In Western music, differences in valence are mainly associated with major versus minor mode [16]. For the purpose of our study, the emotion joy could be considered to be similar to the sensation of happiness. According to Juslin and Laukka [25], happiness is associated with the following cues: fast speech rate/tempo, medium to high voice intensity/sound level, medium high-frequency energy, high F0/pitch level, much F0/pitch variability, rising F0/pitch contour, fast voice onsets/tone attacks, and very little microstructural irregularity. In [4, 5], authors conclude that happy music performances are characterized by a relatively fast tempo and loud sound with staccato articulation and clear phrasing (i.e. changes in tempo and sound level organized in accelerando/crescendo and rallentando/decrescendo couples for the communication of a musical phrase). Moreover, happiness is said to best be expressed with major mode, high pitch and high tempo, flowing rhythm and simple harmony [5, 20]. For the joyful sonification, we used a rectangular (pulse) oscillator with a rather short envelope duration, mapping magnitude of the input signal to pitches in a C major scale, with an Inter-Onset-Interval (IOI) of 180 ms between notes (about 5.5 notes/second).

3.5.3 Continuous Sonification

The continuous sonifications were, as the name suggests, not characterized by any particular rhythm.
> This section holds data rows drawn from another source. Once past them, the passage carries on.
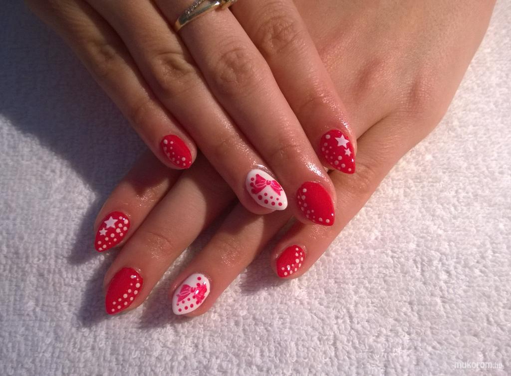 A fent látható "Karácsony 3" elnevezésű műköröm minta Bankó-Kiss Diána, Székesfehérvári műkörmös munkája. A kép 2015-02-16 13:04:54-kor került feltöltésre a Zselés műköröm képek kategóriába sorolva, mely immáron 40450 db Elite körömszalon által feltöltött köröm mintát tartalmaz. A kategóriában szereplő további műköröm minták megtekinthetőek a mukorom.hu weboldalon.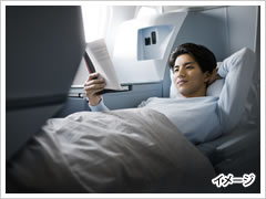 シンプルなデザインと優れた機能が充実の「ライ フラットシート」を導入。160cmものシートピッチにより、ゆとりあるプライベートスペースを確保しています。機内でお仕事をされる方のために、パソコン用電源を各席に、また、iPodなどのミュージックプレイヤー用のUSB電源もご用意。また、ノートパソコンも収納できる大型シートポケットもございます。
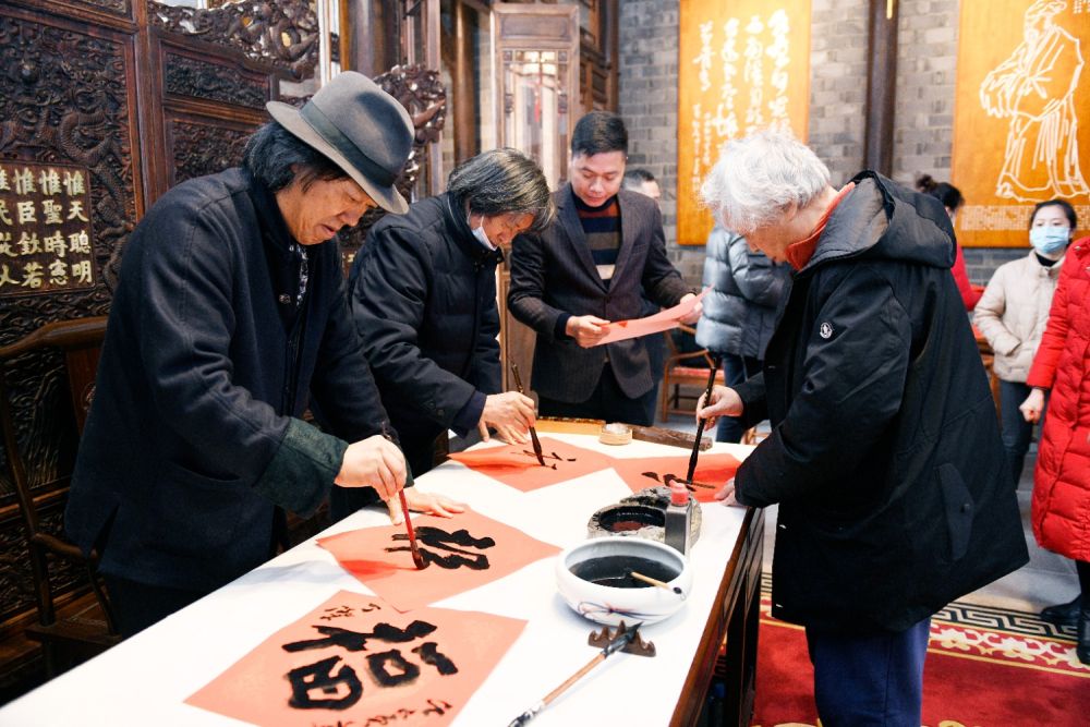 书画艺术和美酒佳酿是中华优秀传统文化的鲜明符号,对满足人民过上美好生活的新期待具有重要精神价值。此次全国书画家代表“艺术下基层”活动正值新年伊始,艺术家们现场泼墨挥毫,书写“福”字和春联送给五粮液基层一线员工,将浓浓笔墨化作美好祝福,祝愿五粮液及广大员工新年新气象,创造更加广阔的美好未来。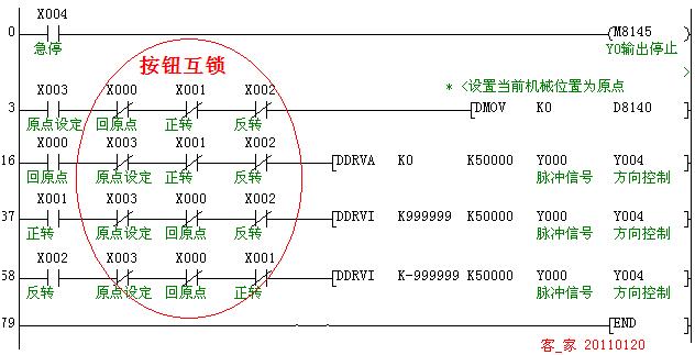 如下圖,不用原點回歸指令[ZRN],而用絕對位置指令[DRVA]也能使Y0回歸到所設(shè)定的原點。編程手冊中好像是沒有類似此用法的介紹哦^_^ ,至于原理,玩過步進、伺服馬達定位控制的你知道的。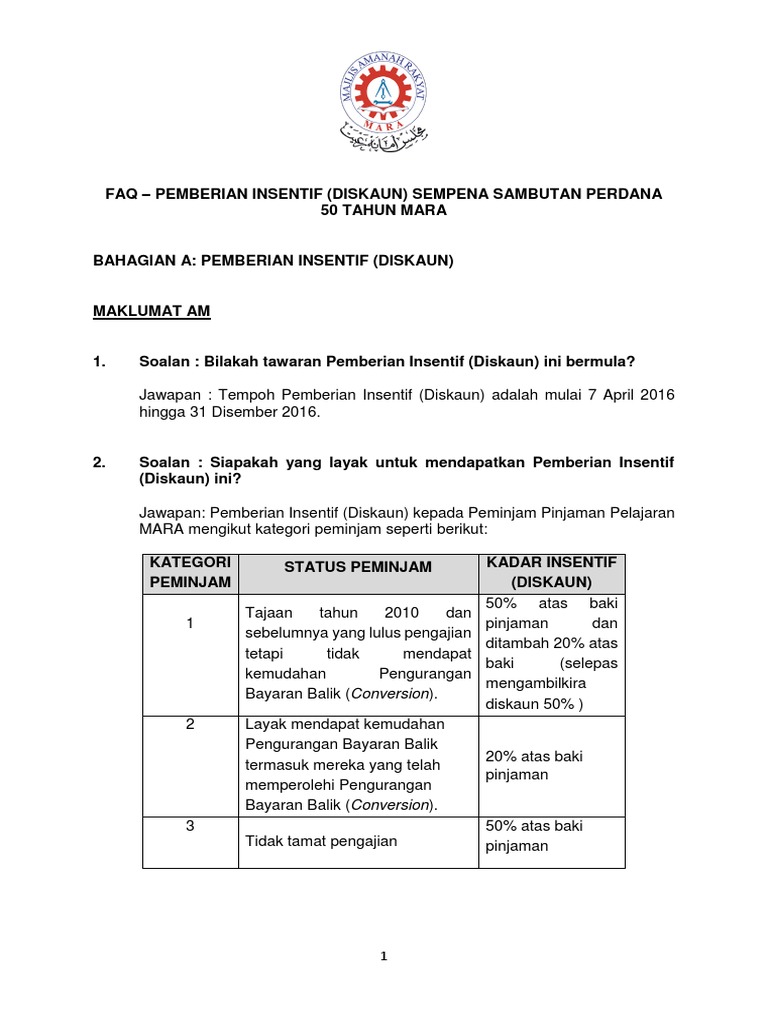 M H I B H I B L O G Insentif 50 Bagi Pinjaman Mara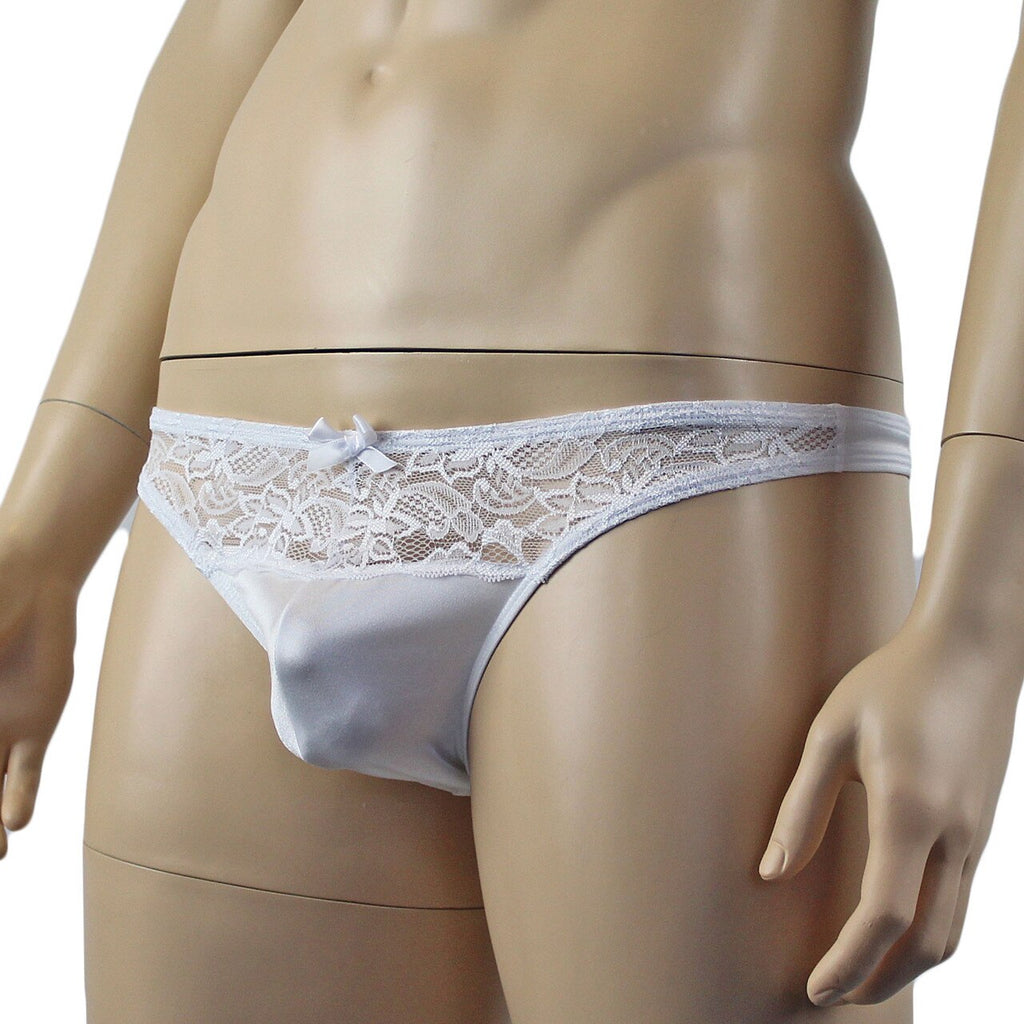Mens romance stretch satin spandex low waist Bikini Brief with floral lace front and a sexy back to cover your butt, has a satin bow front.

Similar to the rhythmic case, the continuous sonification of frustration made use sample-based (granular) synthesis, but without a rhythmic component and added distortion. Grains were also generated based on peak amplitude. The sonification model for relaxation was similar to the one described for the rhythmic relaxed condition, with the difference that the sound was continuous, and that the resonant band-pass filter was set to a variable range of 300-500 Hz and the Q value to 0.2-1.0. Scaling between absolute magnitude was also slightly different. For the joyful sonification, a simple FM synthesizer was used to generate a tonic and major third in a C major scale, with increasing pitch depending on magnitude of the original sound file.

3.5.4 Procedure

After completing Experiment 1, participants proceeded with Experiment 2. They were presented with sound stimuli that they could listen to as many times as they wanted. Participants were then asked to rate perceived emotions on a set of five-step scales (sad, joyful, frustrated, relaxed), ranging from not at all (0) to very much (4), with an annotated step size of 1. These are the same scales that were used in our previous study [15]. The reason why the sad scale was included, despite the fact that no “sad” stimuli was used, was to obtain results comparable to those presented in [15]. The participants were given the following instructions: “This sound represents an emotional reaction. Rate how much of the following emotions you perceive in the sound.” The presentation order of the stimuli was randomized for each participant.

3.5.5 Analysis

Since the data was collected on scales that displayed numeric values of equal distance, we proceeded with statistical analysis using parametric methods. With 30 observations per category, data could be assumed to be normally distributed according to the Central Limit Theorem. For the purpose of this study, we performed analysis of ratings within each stimulus category (frustrated, relaxed and joyful), through separate Two-Way Repeated Measures ANOVAs with the following within-subjects factors: emotional scale (frustrated, joyful, relaxed and sad) and condition, i.e. sound model (original sound, rhythmic sonification, continuous sonification, original + rhythmic sonification and original + continuous sonification). The purpose of these tests was to investigate if there was an interaction effect between emotional scale and condition (sound model). Greenhouse-Geisser estimates of spehericity were used when the assumptions of sphericity were not met. When the omnibus test for the interaction was significant, it was followed by the application of a post hoc procedure to explore which pairs of cell means that were significantly different, i.e. which condition that resulted in significantly different ratings for respective scale compared to the original sound. Paired t-tests with Bonferroni corrections were used to account for multiple comparisons.

4 Results

4.1 Experiment 1

4.1.1 Frustrated

A total of 53 different phrases were identified for the frustrated sound. A summary of the analysis, in which both authors divided words into categories based on the circumplex model of affect, is presented in Table 2. For arousal, no larger difference between the number of activation versus deactivation terms could be observed. Regarding valence, there was a slight tendency towards more negative terms than positive ones. The most frequently used words for describing the frustrated sound were sadness (3) and stress (3). However, a range of positive words were also identified.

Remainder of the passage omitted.